Odessa... Odessa !
De : Michale Boganim Sortie France le : mercredi 17 août 2005
Israël/France, 2004, 1h42
Documentaire, sélection officielle au festival de Sundance, prix CICAE au festival de Berlin, meilleur réalisateur au festival de Jérusalem.
Magnifique documentaire, à travers trois pays et trois villes, de ces communautés poussées à l’exil et de leur façon bien différente de vivre le souvenir et la nostalgie. |
Film sur la nostalgie et sur l’exil, Odessa est un film douloureusement beau qui parle de ces êtres entre deux mondes, entre deux eaux, entre deux rêves. Film sur la nostalgie parce qu’on y croise sans cesse des personnages qui regrettent le temps passé, que ce soit leur jeunesse, leur ville natale, leur pays d’origine. Aujourd’hui qu’ils ne sont plus que des personnes âgées, tout leur parait mieux que le temps présent qu’ils ont du mal à comprendre. Film sur l’exil car, comme le disent les protagonistes « Là-bas, on était juif, ici on est russe ». Donc toujours autre.
Michale Boganim est une jeune réalisatrice et Odessa est son premier documentaire.
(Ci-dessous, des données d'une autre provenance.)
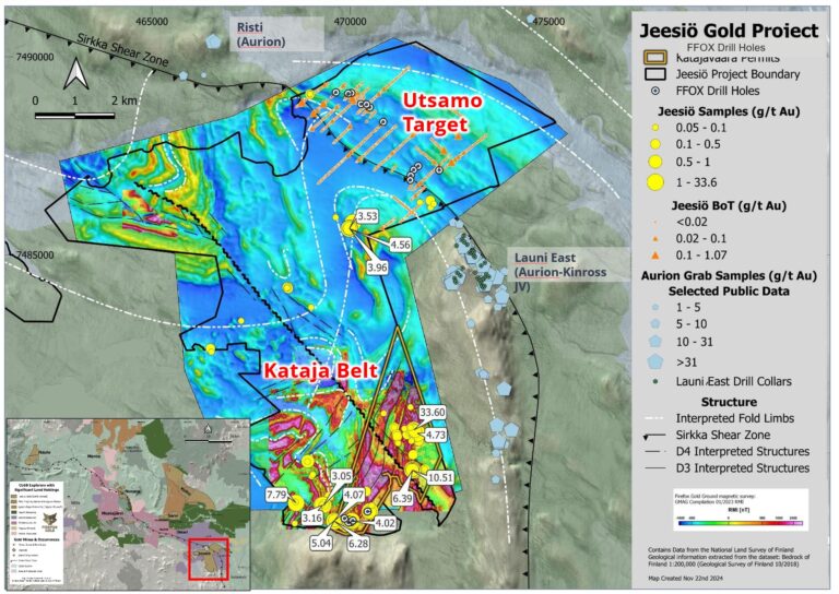 Seit 2017 bearbeitet FireFox das Projekt und hat aus Explorationsdaten und Bohrergebnissen momentan zwei Ziele im Projekt priorisiert. Dies sind Utsamo und der Kataja Gürtel. Utsamo liegt direkt zwischen den Goldentdeckungsgebieten Risti und Launi von Aurion. Der Kataja Gürtel befindet sich etwa zwei Kilometer südwestlich des goldhaltigen Quarz-Sulfid-Adersystems Launi. Folgende Abbildung zeigt das Jeesiö Projekt mit den beiden Zielgebieten:

Il a remporté de nombreux prix dans les festivals où il a été présenté. Elle dit avoir été impressionnée par la lecture des Contes d’Odessa d’Isaac Babel. Elle a donc filmé une sorte de triptyque en trois villes : Odessa la Russe, Brighton l’Américaine et Ashdod l’Israélienne. A chaque fois, une atmosphère différente. A Odessa, quelques vieilles femmes, un peu sorcières et pathétiques, qui vivent dans un quartier en ruine et parlent yiddish entre elles. Elles se retrouvent après la sieste pour chanter d’une voix éraillée en rêvant du temps où elles étaient actrices. A Brighton, une communauté russe de réfugiés, qui ne parlent que russe, mais s’habille de tee-shirts, de chemises et même de maillots de bain aux couleurs du drapeau américain. L’ambiance est joyeuse, on chante beaucoup, on bénit Dieu d’avoir fait l’Amérique si prospère pour vivre de l’aide sociale sans rien avoir à faire. En arrière plan, quelques vieux Juifs new-yorkais râlent ferme en parlant de ces gens qui « ne vont à la synagogue que si on les paye ». A Ashdod, la chaleur est étouffante et le quotidien est parfois difficile entre les petits boulots de balayeurs et les différentes communautés, Russes, Marocains, Ethiopiens ou Géorgiens, qui ne s’aiment pas. Mais on y trouve la bible en russe, de la vodka et on peut toujours chanter en jouant aux dominos.
Avec finesse, Michale Boganim accompagne des hommes et des femmes qui bientôt ne seront plus que des souvenirs car leurs petits-enfants seront, eux, de véritables Américains ou de véritables Israéliens, ne parlant ni russe ni yiddish et ayant oublié pourquoi leurs ancêtres sont partis. Au-delà du portrait d’une communauté religieuse ou d’une ville, Odessa dit la difficulté de partir et celle de rester. Le sort de tous les êtres humains, depuis des temps immémoriaux.